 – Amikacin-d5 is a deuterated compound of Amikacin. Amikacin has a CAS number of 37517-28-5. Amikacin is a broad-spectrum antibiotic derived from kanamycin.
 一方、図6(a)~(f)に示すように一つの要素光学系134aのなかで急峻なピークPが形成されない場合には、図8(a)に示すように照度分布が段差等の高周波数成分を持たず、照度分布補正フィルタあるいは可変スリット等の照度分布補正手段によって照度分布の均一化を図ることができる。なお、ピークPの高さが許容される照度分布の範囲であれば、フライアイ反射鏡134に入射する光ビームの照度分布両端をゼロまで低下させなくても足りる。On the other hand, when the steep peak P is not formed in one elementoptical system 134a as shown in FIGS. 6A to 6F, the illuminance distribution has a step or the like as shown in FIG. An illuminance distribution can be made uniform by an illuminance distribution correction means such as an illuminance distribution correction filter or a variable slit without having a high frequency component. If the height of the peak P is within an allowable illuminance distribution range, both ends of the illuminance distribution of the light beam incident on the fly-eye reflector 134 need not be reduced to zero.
= = = = = = =
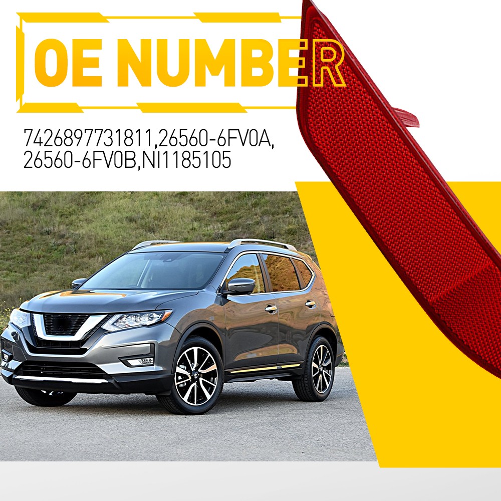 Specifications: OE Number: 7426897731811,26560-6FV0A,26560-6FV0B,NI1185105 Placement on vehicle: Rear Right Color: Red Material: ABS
= = = = = = =
Return, unchanged, the run of lines above that opens with the line containing "derived from kanamycin." and closes with the line containing "reduced to zero.". Include both.

*Your solution*
 – Amikacin-d5 is a deuterated compound of Amikacin. Amikacin has a CAS number of 37517-28-5. Amikacin is a broad-spectrum antibiotic derived from kanamycin.
 一方、図6(a)~(f)に示すように一つの要素光学系134aのなかで急峻なピークPが形成されない場合には、図8(a)に示すように照度分布が段差等の高周波数成分を持たず、照度分布補正フィルタあるいは可変スリット等の照度分布補正手段によって照度分布の均一化を図ることができる。なお、ピークPの高さが許容される照度分布の範囲であれば、フライアイ反射鏡134に入射する光ビームの照度分布両端をゼロまで低下させなくても足りる。On the other hand, when the steep peak P is not formed in one elementoptical system 134a as shown in FIGS. 6A to 6F, the illuminance distribution has a step or the like as shown in FIG. An illuminance distribution can be made uniform by an illuminance distribution correction means such as an illuminance distribution correction filter or a variable slit without having a high frequency component. If the height of the peak P is within an allowable illuminance distribution range, both ends of the illuminance distribution of the light beam incident on the fly-eye reflector 134 need not be reduced to zero.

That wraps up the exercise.